The bass guitarist Michael Davis was a member of the incendiary and influential Detroit band the MC5 between 1965 and 1972. Alongside their Detroit friends and contemporaries the Stooges and New York's Velvet Underground, the MC5 formed the holy trinity of late '60s groups who lit the long, slow, simmering fuse of punk rock and inspired the Ramones, Nirvana, Rage Against The Machine and the White Stripes. The MC5 didn't just make hard-edged, highly-charged music; they were managed by the activist John Sinclair, aligned themselves with the Black Panthers and attracted the attention of the FBI. Kick Out The Jams, their seminal debut recorded live at the Grande Ballroom in Detroit in October 1968, and the title track, briefly made the album and single charts in the US when issued on Jac Holzman's Elektra the following year.
Yet the group were never likely to emulate the success of label-mates The Doors. They took some of Sinclair's White Panther Party 10-point programme – notably the "Total assault on the culture by any means necessary, including rock 'n' roll, dope and fucking in the streets" – too literally and, after their mentor was jailed for 10 years for the possession of two marijuana joints in 1969, became "completely uncontrollable," their guitarist Wayne Kramer told me when I interviewed him, Davis and the MC5's drummer Dennis Thompson in London in 2005. "We burned everybody down that we tried to do business with in America. We'd miss gigs, we'd be too high to play and we had a really bad reputation."
The MC5 released two more albums, Back In The USA and High Time, on Atlantic, before Davis was kicked out a few days after missing a gig at the LSE in 1972. "We were really excited about playing there, we'd heard about the Rolling Stones and the LSE, and it was only the third time we'd visited Britain," said the bassist, who was battling heroin addiction. "But I got busted at the airport with works in my bag. A week later, the other guys kicked me out."

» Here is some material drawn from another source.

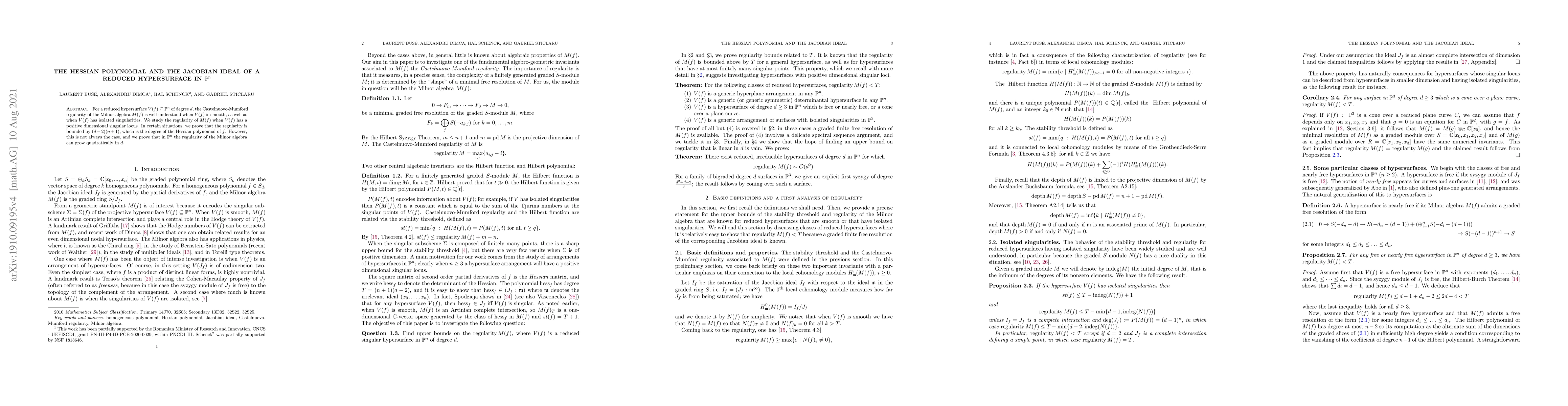 This paper investigates the Castelnuovo-Mumford regularity of the Milnor algebra for reduced hypersurfaces in projective space with positive dimensional singularities. It establishes a bound for the regularity in terms of the degree of the Hessian polynomial, though it also demonstrates cases where the regularity can grow quadratically with the degree of the hypersurface.

The group limped on with Steve Moorhouse and then Derek Hughes on bass, and pirate radio pioneer Ronan O'Rahilly as manager, but broke up after a disastrous appearance at the Wembley Stadium Rock'n'Roll Show in London in August 1972, and a poorly-attended homecoming at the Grande Ballroom in Detroit on New Year's Eve 1972.
The deaths in the 1990s of their charismatic lead singer Rob Tyner and maverick guitarist Fred "Sonic" Smith, seemed to prevent any possibility of an MC5 revival despite the group's standing in the rock pantheon. However, Davis, Kramer and Thompson reunited in 2003 as DKT/MC5 with a revolving cast of guitarists and vocalists – including The Damned's Dave Vanian, Lemmy of Motörhead and Handsome Dick Manitoba of The Dictators.

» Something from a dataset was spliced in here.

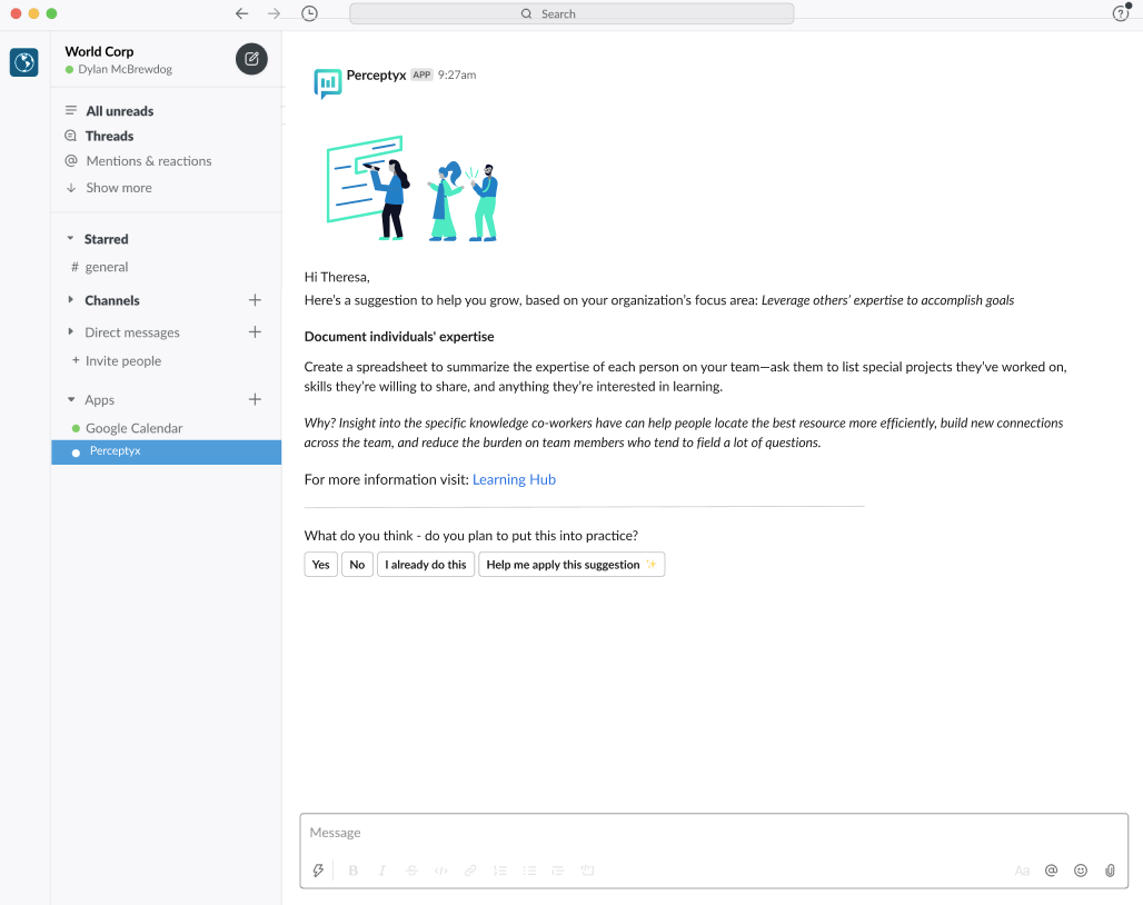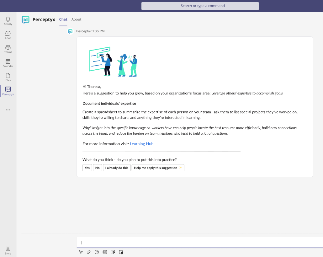 Designed to augment action plans as well as help individuals reach personal goals, nudges are delivered seamlessly in the flow of work, making them quick and easy to implement. As employees interact with Intelligent Nudges, they can provide feedback that Perceptyx uses to refine our nudges over time and make them more targeted and personalized.

Born in Detroit in 1943, Michael Davis was the son of Yugoslavian and Irish immigrants. In the 1950s his father forbade him to listen to rock'n'roll but the resourceful youngster tuned in to the radio when his parents were out. After graduating from high school in 1961, he studied fine arts at Michigan's Wayne State University. Inspired by Bob Dylan, he dropped out with the intention of becoming a folk musician, and began singing while accompanying himself on guitar and harmonica. During a short-lived first marriage he lived in Florida and New York before returning to Detroit, where he met the other members of the embryonic MC5.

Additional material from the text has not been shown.